Présentation au SIST 2016 29 et 30 septembre à Montpellier

L’édition 2016 du séminaire SIST (Séries Interopérables et Systèmes de Traitement) a eu lieu les 29 et 30 septembre à Montpellier. Elle a fait suite au premier séminaire SIST organisé en septembre 2015 à l’OSU Pytheas à Marseille.

Ce séminaire rentre dans le cadre des actions du réseau technologique des informaticiens et gestionnaires de données des observatoires (OSU et unités de recherche ayant des missions d’observation) qui se met en place grâce au soutien de l’Institut National des Sciences de l’Univers (INSU) du CNRS.

L’édition 2016 a poursuivi la thématique des standards d’interopérabilité et de leur mise en oeuvre, et s’est proposé d’investiguer d’autres sujets tels que les DOI, la qualité des données ou les plateformes de gestion des données scientifiques.

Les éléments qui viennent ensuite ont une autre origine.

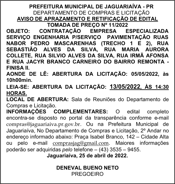 Aviso de Aprazamento e Retificação do Edital Tomada de Preços Nº 11/2022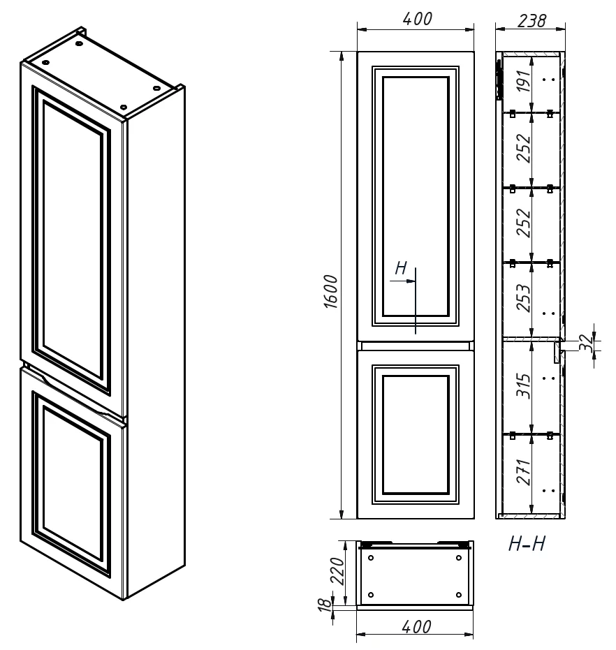 Пенал подвесной Caprigo Wales 40 36050R-SF024 купить в Гродно, цена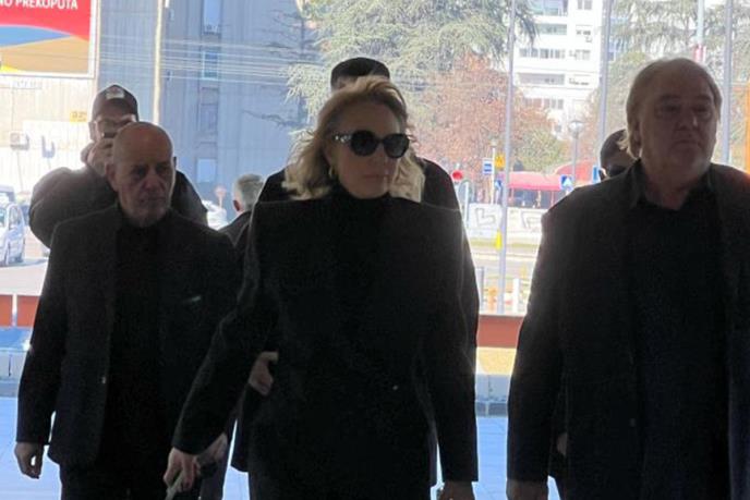 Pevačica zavijena u crno i vidno potrešena stigla je sa suprugom Bobom Živojinovićem i sinom Viktorom. Porodica Živojinović zauzela je svoje mesto u sali gde će zajedno sa porodicom Popović odati poslednju počast estradnom magu.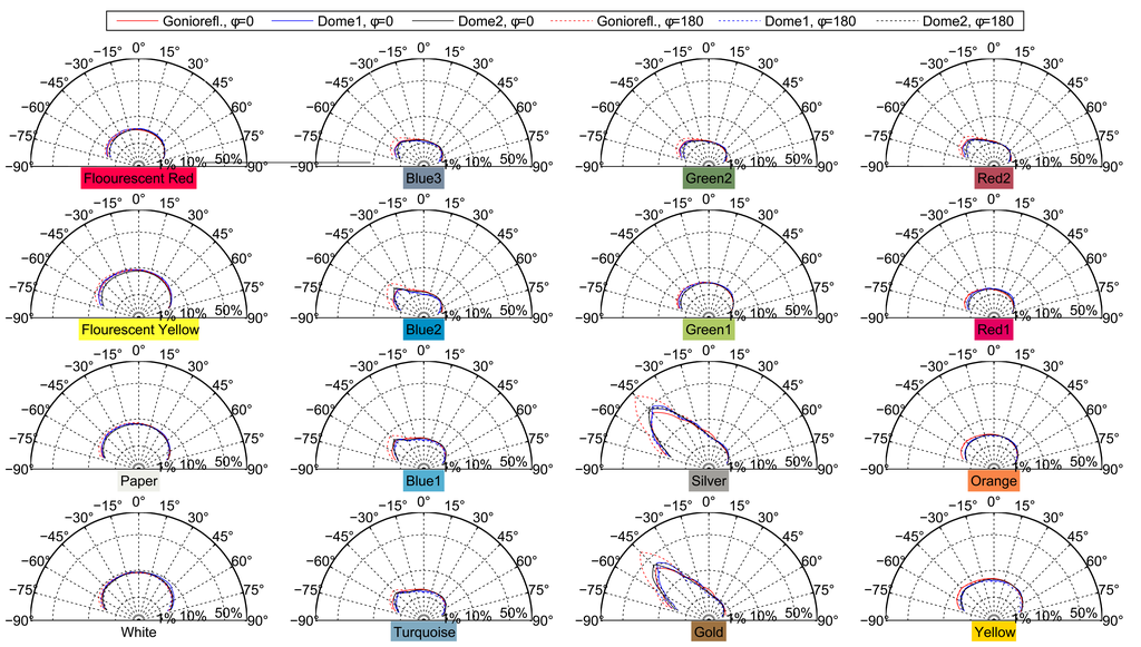 - Leloup, F.B.; Forment, S.; Dutré, P.; Pointer, M.R.; Hanselaer, P. Design of an instrument for measuring the spectral bidirectional scatter distribution function. Appl. Opt. 2008, 47, 5454–5467. [Google Scholar]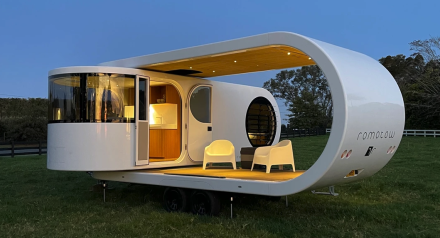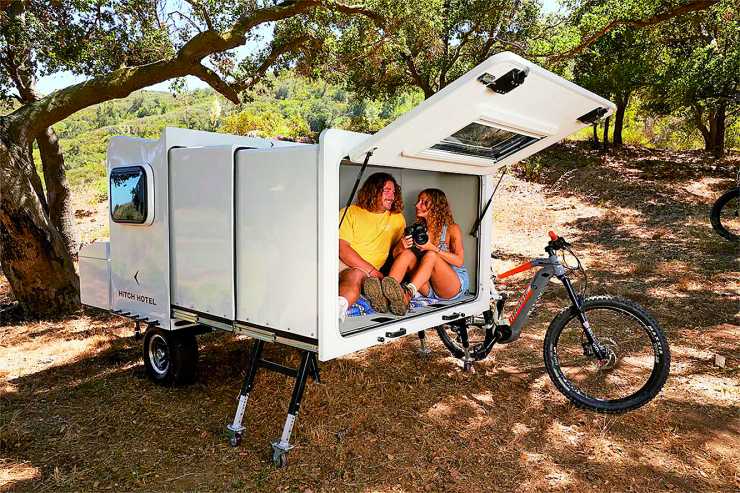 Hitch Hotel Traveler är en liten utdragbar sovkupé från Kalifornien. Dragen bakom en bil är vagnen minimal och undanställd i ett garage är den ännu mer anonym. Detta i och med att dragstången kan fällas upp och ekipaget mest liknar en låda på hjul.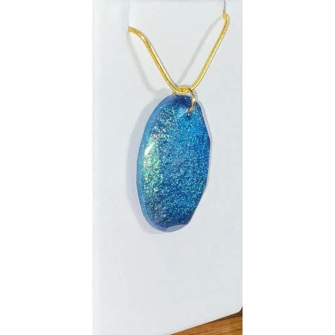 Infuse your look with a playful yet elegant twist with this captivating handmade oval-shaped color-shift necklace. Crafted with premium Chameleon Color-Shift pigment, the pendant transforms with every movement, shifting seamlessly between green and blue, while hints of gold and silver flicker through the surface. This stunning interplay of colors creates a dynamic, eye-catching effect that adds intrigue and brilliance to any outfit.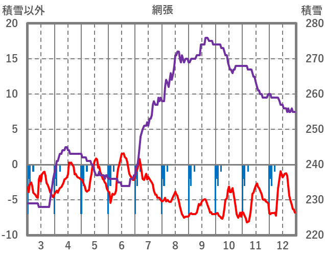 | 日 | 時 | 気温 | 降水 | 風向/風速 | 日照 | 積雪 | 降雪 |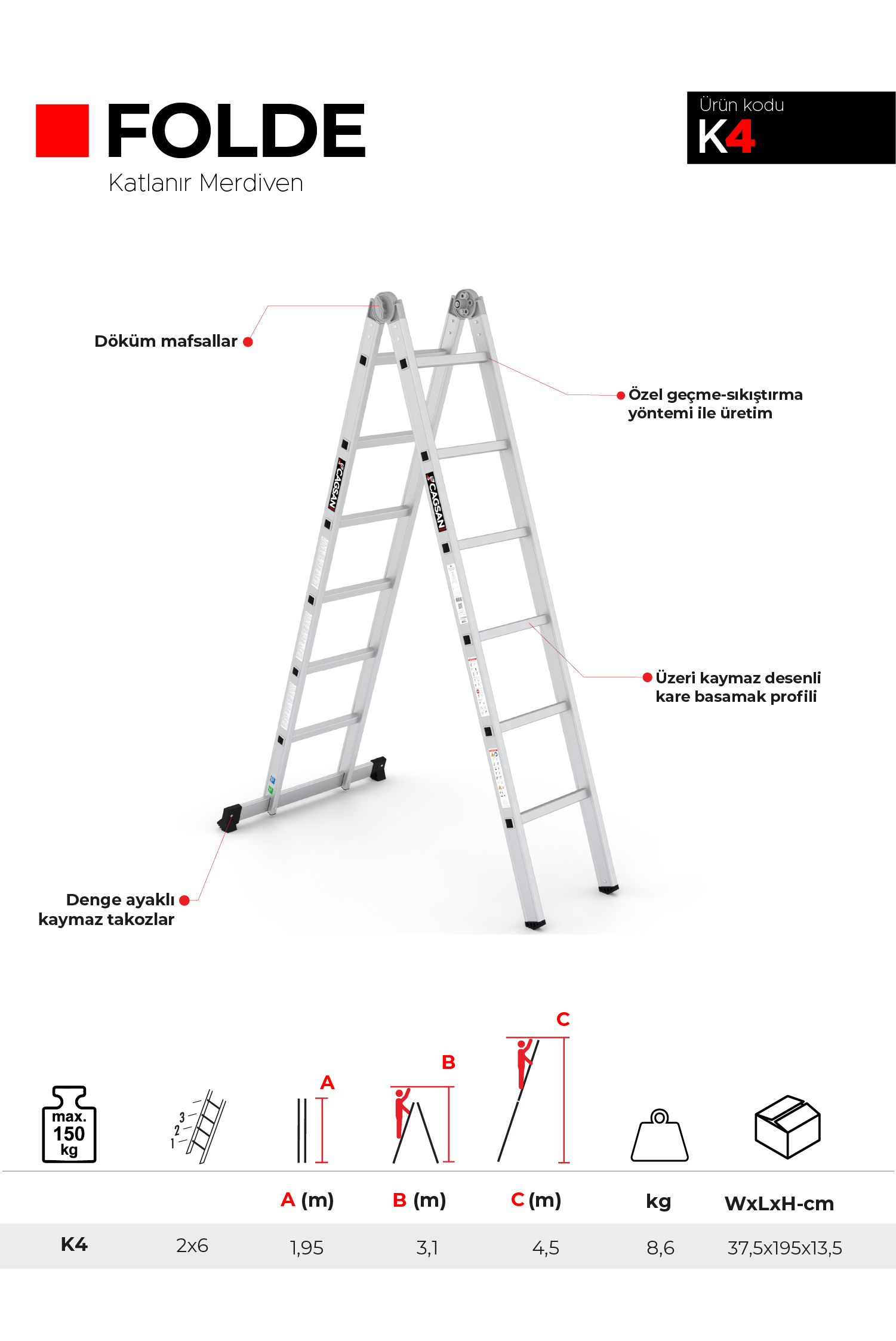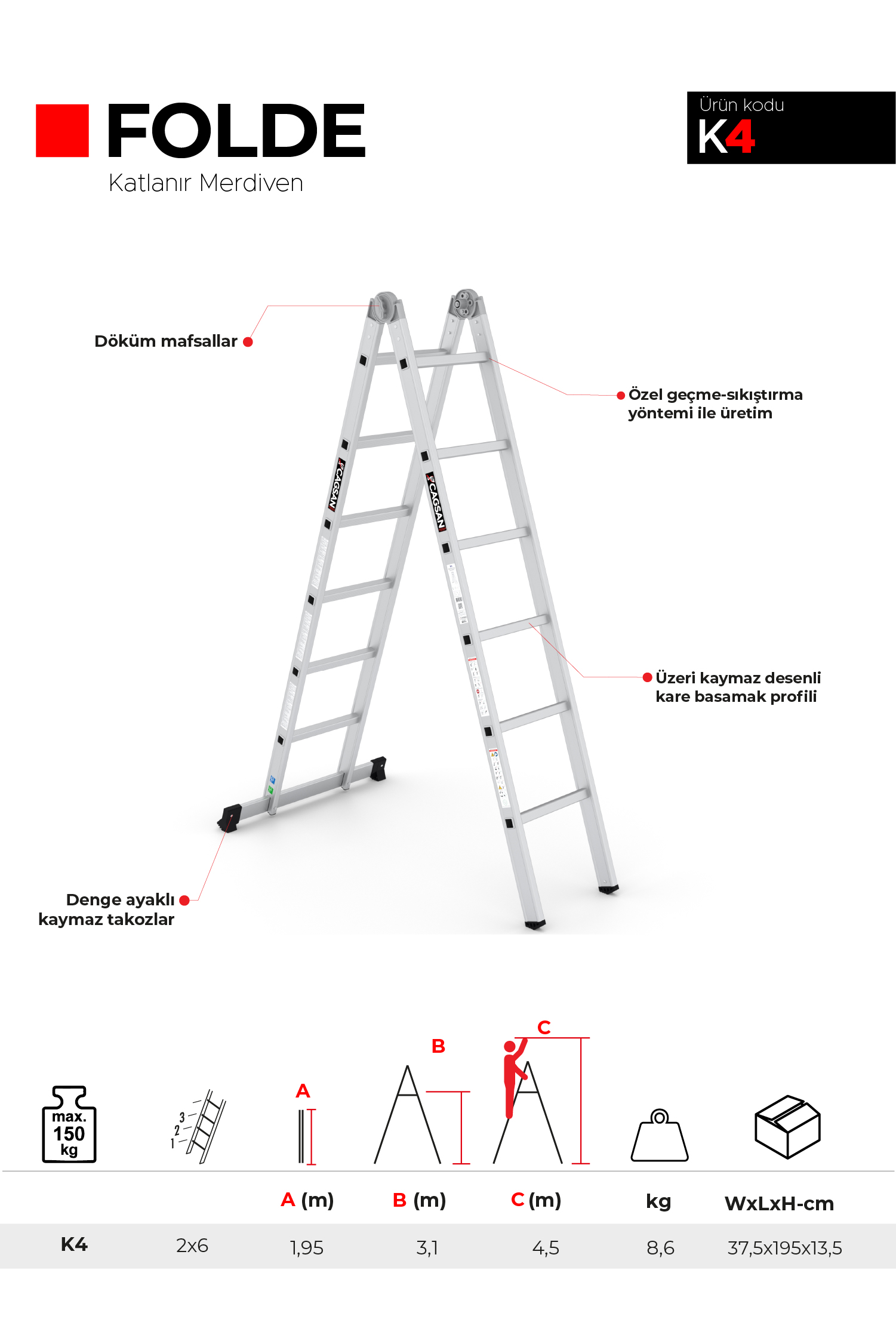 FOLDE Katlanır Merdivenler, geniş denge ayağı, kaymaz takozları ve kilitli mafsalıyla güvenli kullanım sağlar. Üç farklı kombinasyonda kullanılabilen çok yönlü tasarımıyla ev, iş yeri ve atölyelerde ideal çözümdür. Katlanabilir yapısı sayesinde kolay taşınır, yerden tasarruf sağlar. Sağlam profilleri ve kaliteli malzemesiyle uzun ömürlü, pratik ve güvenli bir kullanım sunar.
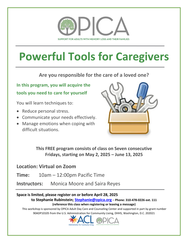 Space is limited, please register on or before April 28, 2025 to Stephanie Rubinstein; Stephanie@opica.org – Phone: 310-478-0226 ext. 111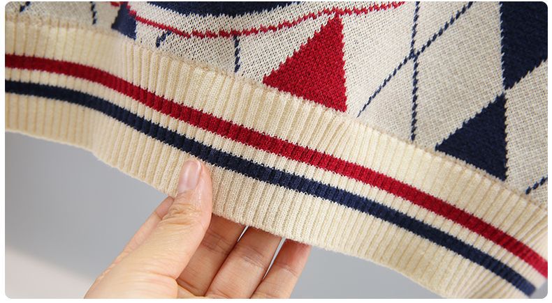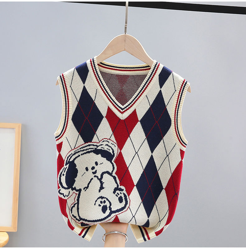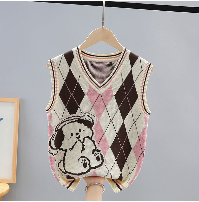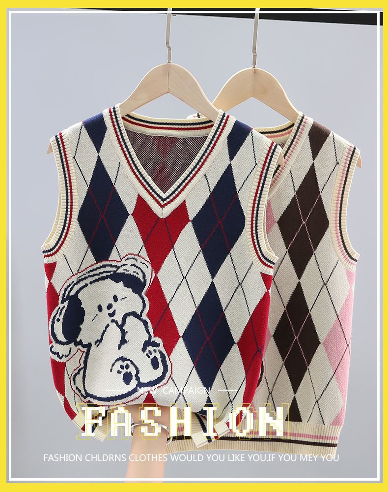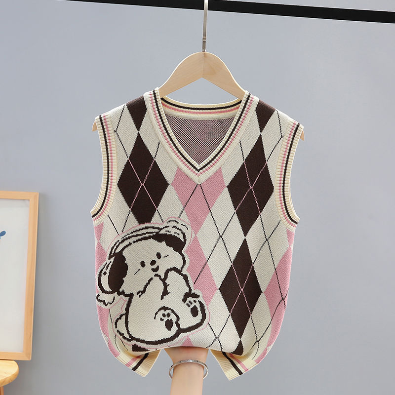 소녀 서양식 스웨터 조끼 어린이 대학 스타일 만화 봄과 가을 V-Neck 조끼 어린이 니트 스웨터

Lors de cette édition, Soumaya Lahbib (IE au MIO) a préparé l’exposé suivant Gestion des données de Cytométrie en Flux Flow Cytometry Data Management (présenté par M. Libes) :

Gestion des données de cytométrie en flux

Auteurs : Soumaya Lahbib, Mathilde Dugenne, Maurice Libes, Melilotus Thyssen, Cherif Sammari, Gérald Grégori et Pierre Marrec

L’accessibilité aux données marines est l’une des étapes les plus importantes pour la réussite des projets de recherche scientifiques appliqués à l’océanographie. Les données acquises par diverses activités et techniques d’observations représentent, entre autres, des problèmes d’hétérogénéités spatiales et de résolution temporelle, ce qui rend leur partage et leur échange difficiles.
Dans le cadre du projet CHROME, une Ferrybox et un CytoSense, deux équipements d’acquisition automatique à haute résolution ont été installés à bord d’un bateau d’opportunité (C/F CARTHAGE). Le premier jeu de données est composé par les données physico-chimiques issues de la FerryBox et des capteurs associés. Le deuxième jeu de données est composé par des données de microbiologie marine issues de la technique de cytométrie en flux qui permet de mesurer la distribution des phytoplanctons.
Depuis longtemps, les données classiques de l’océanographie physique bénéficient des protocoles et méthodes de gestion selon les standards et normes internationales. A titre d’exemple, le projet européen SeaDataNet qui est une infrastructure pan-européenne pour la gestion des données marines physique, chimiques et biologiques à l’aide a mis en place des outils et des méthodes de gestion, d’indexation et d’accès aux données et métadonnées marines en conformité avec la directive INSPIRE (normes ISO19139).
Bien que les données biologiques bénéficient de ces normes et standards internationaux, les données issues de la cytométrie en flux ne peuvent pas être gérées selon ces protocoles en raison du manque de vocabulaires standardisés notamment sur les paramètres de mesures et les instruments.
Ce travail a permis de mettre en place une méthodologie de gestion des données issues de la Cytométrie en Flux depuis l’acquisition des mesures jusqu’au stockage et visualisation des données via l’interface CHROME-CYTOBASE (https://chrome.mio.univ-amu.fr/chrome-cytobase/).
Cette interface est liée à une base de données MySQL qui assure le lien entre les paramètres biologiques (CytoSense) et physiques (FerryBox) de la mer. Elle permet l’affichage des résultats grâce aux librairies de Google developper, Dygraph et Leaflet. C’est un outil opérationnel et d’aide à la décision pour les scientifiques en cytométrie en flux.
En vue de rendre ce jeu de données interopérable et standardisé avec d’autres infrastructures internationales, l’Institut Mediterranéen d’Océanologie est impliqué dans le prochain SeaDataNet pour travailler sur l’interopérabilité des données de la cytométrie en flux avec les bases de données internationales. Ainsi que la mise en place des procédures et méthodes de génération des métadonnées et données conformes à la directive INSPIRE.